President Trump tweeted out a list of European countries where schools were open, as if the U.S. and Europe were at the same place with Covid, we aren’t. While much of Europe has significantly reduced Covid cases, we have U.S. states with higher Covid infection rates than entire countries. Western Europe worked from the start to not only acknowledge that Covid was real but also to put nationwide systems in place to stop it. They also have national healthcare.  That is why their students are in school. 

It’s summer and the U.S. is setting world records in Covid outbreaks. Politicians like President Trump discredit science and Betsy DeVos makes false equivalencies, comparing the risk of riding a bike to purposefully putting students in danger due to Covid. They depersonalize our children to rates. They say the death rate is low. My students and their families aren’t numbers, they are people.

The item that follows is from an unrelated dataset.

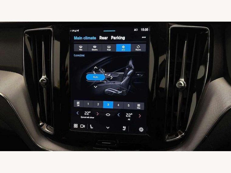 12.3" Progressive Driver Display, 360 degree surround view parking camera with side proximity sensors, 9" centre console touch screen, Adjustable steering wheel force, Apple carplay (wired), Bluetooth handsfree system, Driver alert control with lane keeping aid, Driver assistance (pilot assist and adaptive cruise control), Emergency services call system, Front and rear park assist, Google Automotive Services, Oncoming Lane Mitigation, PAS, Service interval indicator, Speed limiter, Speed sensitive steering, Trip computer, Volvo on call with App, Wireless/Inductive Mobile Phone Charging, 8 speed automatic transmission with start/stop + manual change functions, Dynamic chassis, DAB Digital radio, Premium Sound by Harman Kardon, dirac unison, dolby pro logic II surround sound, 13 speakers/600W output and fresh air subwoofer, Steering wheel remote infotainment controls, Adaptive brake lights with high level LED brake lights, Auto dimming interior + exterior mirrors, Automatic headlight levelling system, Automatic LED Headlights + Active high beam incorporating daytime running lights, Electric adjustable/heated/auto power folding door mirrors, Electric front+rear windows, Front aluminium tread plates, Heated front windscreen, High gloss black door mirrors and window surround, High gloss black front and rear bumper decoratives, High gloss black mesh front grille with high gloss black surround, Home safe and approach lighting, Integrated roof rails in high gloss black, LED front fog lights, Puddle lights, Rain sensor with automatic windscreen wiper activation, Rear side wing doors, Rear wiper, Roof antenna, Roof spoiler, Tinted windscreen, Visible VIN plate, 12V socket in front tunnel console and luggage compartment, 3 seat bench in 2nd row, 4 Zone electronic climate control, A-pillar parking ticket holder, Air purifier particulate matter (PM) 2.5 filter, B Pillar ventilation, Bright metal luggage threshold, Centre console cupholders and storage, Charcoal floor mats, Front and rear courtesy lights, Front and rear door pocket illumination, Front cupholder illumination, Front footwell illumination, Front reading lights, Front seat cushion extensions, Glovebox compartment with illumination, Head restraints for all seats, Heated front seats, Heated steering wheel, Height/reach adjustable steering column, Illuminated luggage compartment, Illuminated vanity mirrors + ticket holder, ISOFIX attachment on outer rear seats, Load cover, Load protection net, Multi directional lumbar support, Power driver seat with memory + exterior mirrors memory, Power height adjustable passenger seat, Rear armrest with cupholder, Rear footwell and front and rear side step illumination, Rear seat concealed storage, Single front passenger seat, Tailgate illumination and ambient door lighting, Underfloor stowage compartment, Versatile split folding rear seat - 60/40, 5 three point seatbelts, City safety with steering support with Pedestrian + cyclist + front collision warning with full auto brake and rear auto brake, Drivers knee airbag, Dual stage driver/passenger airbags, Electronic parking brake with auto hold, First aid kit, Front seats SIPS airbags, Hill descent control - Off-road drive mode, Hill start assist, IC (Inflatable Curtains) - Full Length, Passenger airbag cut-off device, Power child locks on rear doors, Road sign information display, Run off Road Mitigation, Run off Road Protection, Seatbelt reminder and pretensioners, SIPS (Side Impact Protection System), Slippery road and hazard light alert, Stability and Traction Control with Spin control, Engine Drag Control and Corner Traction Control, Tyre pressure monitoring system, Vehicle deceleration control with Anti-lock Brake System, Electronic Brake Distribution and Emergency Brake Assist, Warning triangle, WHIPS whiplash protection system - front, Anti-theft alarm including immobiliser/volume sensor + level sensor, Care key with user defined top speed, Key integrated remote control central locking + fuel flap with deadlocking system and auto open/close power windows, Keyless Drive (includes Keyless Entry and Keyless Start) with Handsfree Tailgate Opening/Closing, Locking wheel nuts, Private locking for tailgate,

Trump claims that Covid has a “low mortality rate” as if these aren’t actual lives. Covid has a death rate 50 times higher than the flu. We have almost 57 million K-12 public education students.  Even with a very conservative estimate using the mortality rate of .03%, we are talking about the very tragic possibility of 17,100 dead students aged 5-17 from Covid. But if we include kids under five in that estimate, the statistics change and that number of dead kids could quadruple.  Sit with that, for perspective. I hope you don’t need it but the attacks on 9/11 had almost 3,000 deaths. That was a terrorist attack.  If our students die it’s murder by our government. The number of student deaths doesn’t even take into account spreading it to their families, educators, school staff and the community at large.  Those groups of people, based on age, have significantly higher mortality rates. We will not be an experiment.

Yes, virtual learning caused many challenges for parents, students, and educators this past spring. Instead of bashing and threatening teachers, our government should be supporting educators and families to prepare for virtual learning.  They should be putting protections in place to help parents have income while working from home. Our country can and should learn the Covid best practices that other countries have implemented, because I do not want anyone’s children or families, my own family, my colleagues or community members to be put in harm’s way. 

As educators begin speaking out about their fears of schools reopening, they have now drawn the ire from Fox News hosts. Just this past week Tucker Carlson called me a “self righteous little fortune cookie” because I dared tweet that educators care about our students.

I’ll double down on my tweet and say not only do educators across this country care about our students, we will do whatever it takes to keep them safe, even if that means that we must prepare for a national educators strike

Starting the school year virtually is a tough thing for educators to think about. We love being with our students, even the annoying ones. I, however, don’t want other educators to know the pain that comes from losing students. Keeping our students, their families, our own families, colleagues, and community safe is the most important thing we can and will do. 

Educators across this country will pick science over capitalized tweets. We will pick the love of our students over threats made to us any and everyday of the week.